What
if the importer cannot arrange L/C?
There are cases when traders do business without
L/C terms. For instance, a buyer may not be able
to obtain a L/C from his bank due to tight regulations.
Another reason is when the buyer resides in a country
where banks do not issue L/C at all. There are also
cases when the exporter does not need a L/C since
the buyer is a credible leading company or the importer's
good financial standing is very well known to the
exporter from the long standing business relationship.
Generally speaking, exporting to an unknown overseas
importer without L/C terms is rather risky, as there
is no guarantee against non-payment by the importer.

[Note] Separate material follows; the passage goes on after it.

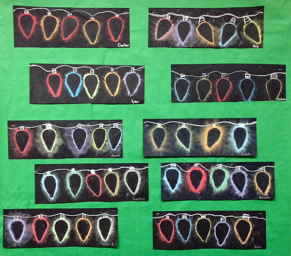 I thought this was a unique way to create a Christmas light picture. The kids used crayons and did an awesome job!

Nevertheless, there are two terms of settlement
through documentary collection without using L/C.
They are commonly called D/P (Documents against
Payment) terms and D/A (Documents against Acceptance)
terms.
What is D/P Terms?
Under D/P terms, the exporter ships the good and
presents the bill of exchange to his negotiating
bank together with B/L and other shipping documents.
Then, the bank may pay the exporter against the
documents, provided that there is a previous arrangement
between the bank and the exporter to do so.
However, in most cases, the bank does not pay
the exporter immediately, but mails the documents
to its correspondent bank (reimbursing bank/collecting
bank) in the importer's country. The reimbursing
bank then notifies the importer on the arrival
of the documents. When the importer pays the bill
of exchange at the reimbursing bank, the bank
notifies the negotiating bank in the exporter's
country to confirm payment from the importer.
On the receipt of this notice, the negotiating
bank pays the exporter and the settlement is finished.
This way of settlement is called "Collection
of Documentary Bill of Exchange" which is
explained more in detail in the next section.
It should be noted that this method of settlement
entails certain risks for the exporter. For instance,
if the importer does not pay the bill of exchange
and refuses to accept delivery of the goods, the
exporter has to dispose of the goods in a foreign
country. Therefore, the exporter may have to find
another buyer either in the designated country
or elsewhere. Even if he does find another buyer,
he may have to sell his goods at a lower price.
In addition, the exporter has to bear the cost
of insurance and storage of the goods until they
are disposed.
What is D/A terms?
Using D/A terms, the exporter gives a grant of
deferred payment to the importer. If the exporter
is assured of the importer's integrity, he may
grant him a credit facility. The process for D/A
up to the arrival of the documents at the reimbursing
bank in the importer's country is the same as
that of D/P. After the reimbursing bank notifies
the importer on the arrival of the documents,
the importer checks the documents and agrees on
payment (promises to pay at a later date), then
the bank hands over the documents to the importer.
What is Usance Bill?
Under D/A terms, the exporter draws the bill of
exchange with grant of credit terms called "Usance
Bill" on the importer. "Usance"
means the time limit for the drawee to honour
the bill. With this arrangement, the importer
is allowed a grace period for the payment (from
30 to 180 days later after sight). This method
poses a great advantage for the importer, because
he can sell the goods during the credit period
and pay later. However, for the exporter, this
is even more risky than D/P terms due to obvious
reasons.
How does Trust Receipt
function?
In the case of settlement on D/A terms (usance
terms), the importer is allowed to delay the payment
for such a period of 30, 60, or 90 days after
seeing the documents including B/L. Theoretically,
during this grace period, he is allowed not to
execute payment at the reimbursing bank (collecting
bank), though he cannot receive the documents
from the bank, for as a rule, the documents are
handed over to the importer in return for payment.
This means that the importer cannot receive the
goods from the shipping company as goods are only
released upon submission of the documents.
Under such circumstances, the bank will release
the documents to the importer on condition that
he submit the T/R (Trust Receipt) to the bank.
The T/R is a document which certifies that the
importer recognises the goods as the bank's own
property until the bank is paid. In this way,
he can take possession of the goods from the shipping
company in exchange for the documents, and sell
the goods to the buyer, and eventually pay to
the bank within the said grace period.